- THE TASK
Write out exactly, please, every line from the beginning of the entries to the line holding "Queen Of Sparkles", and no pictures.

- DATASET ENTRIES
───

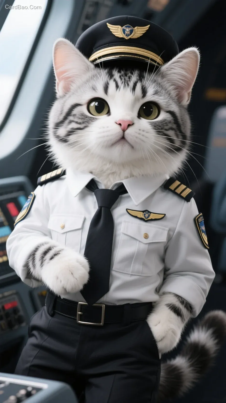 拟人美短起司猫咪。黑白灰的毛发。全身毛茸茸的。拟人美短起司猫咪穿着航空机长的衣服。
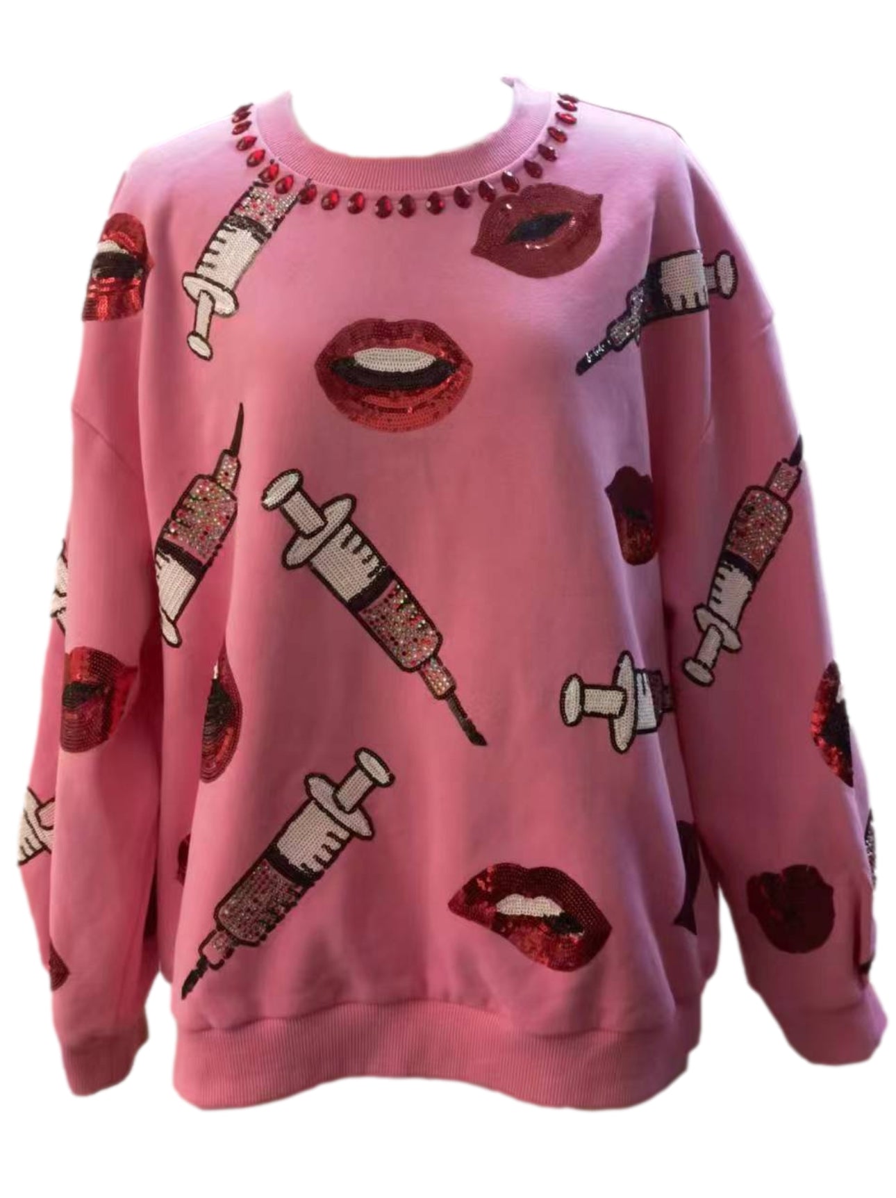 Queen Of Sparkles Pink Lip & Syringe Sweatshirt - Final Sale
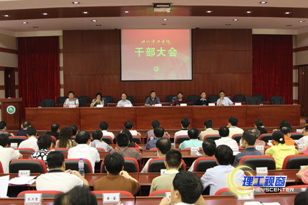 党委书记游建军回顾了学校院系调整和干部轮岗竞聘的基本情况,他指出,这次干部调整,进一步强化了年轻干部的培养,轮岗交流工作取得了新进展,干部的职称学历得到了进一步优化。他要求新任的干部在今后的工作中,思想要再解放一点,工作要再努力一点,要求要再高一点。针对设立二级学院,努力创建大学,他指出,学校更名建立大学不是我们的最终目标,建立大学只是我们发展过程中一段时间的奋斗动力,是我们提升办学水平,促进学校又好又快发展的一种手段。要求全校干部职工要有正确认识,不怕困难,要抓住机遇,乘势而上。他希望各院系部门,要按照曾院长部署的六个方面的工作,结合各自的具体情况,把会议的精神认真宣传贯彻下去,做好学校的各项工作。
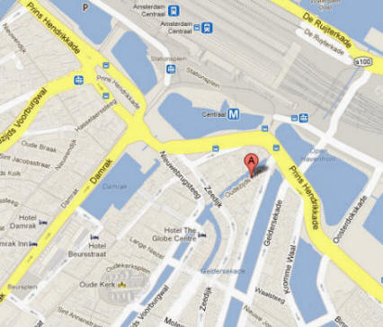 map, you can see the church I am heading for, De Krijtberg on the left bank of
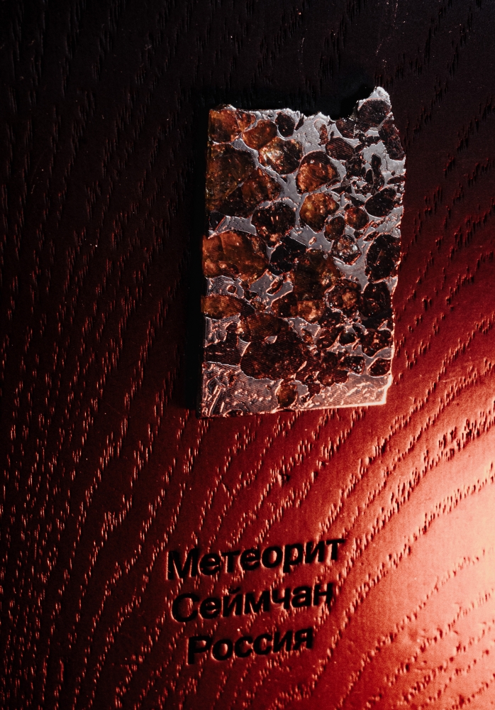 Пластина метеорита Сеймчан, относящегося к редкому классу палласитов. Его необычная структура образована сложным соединением железной матрицы и золотистых кристаллов оливина. На металлических участках можно заметить узор из видманштеттеновых линий. Это следы кристаллизации металла в условиях космоса. Красота пластинки метеорита особенно заметна на свету, когда яркие блики переливаются в оранжево-желтых оливиновых включениях.
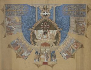 Henri PINTA (Marseille 1856 - Paris 1944) Projet de mosaïque pour la coupole du Sacré-Cœur de Marseille Aquarelle et rehauts de blanc, traits de crayon noir, sur papier beige. Annoté. 63 x 80 cm Prix de Rome en 1884, Henri Pinta travailla...

───

- FINISHED EXERCISE
 拟人美短起司猫咪。黑白灰的毛发。全身毛茸茸的。拟人美短起司猫咪穿着航空机长的衣服。
 Queen Of Sparkles Pink Lip & Syringe Sweatshirt - Final Sale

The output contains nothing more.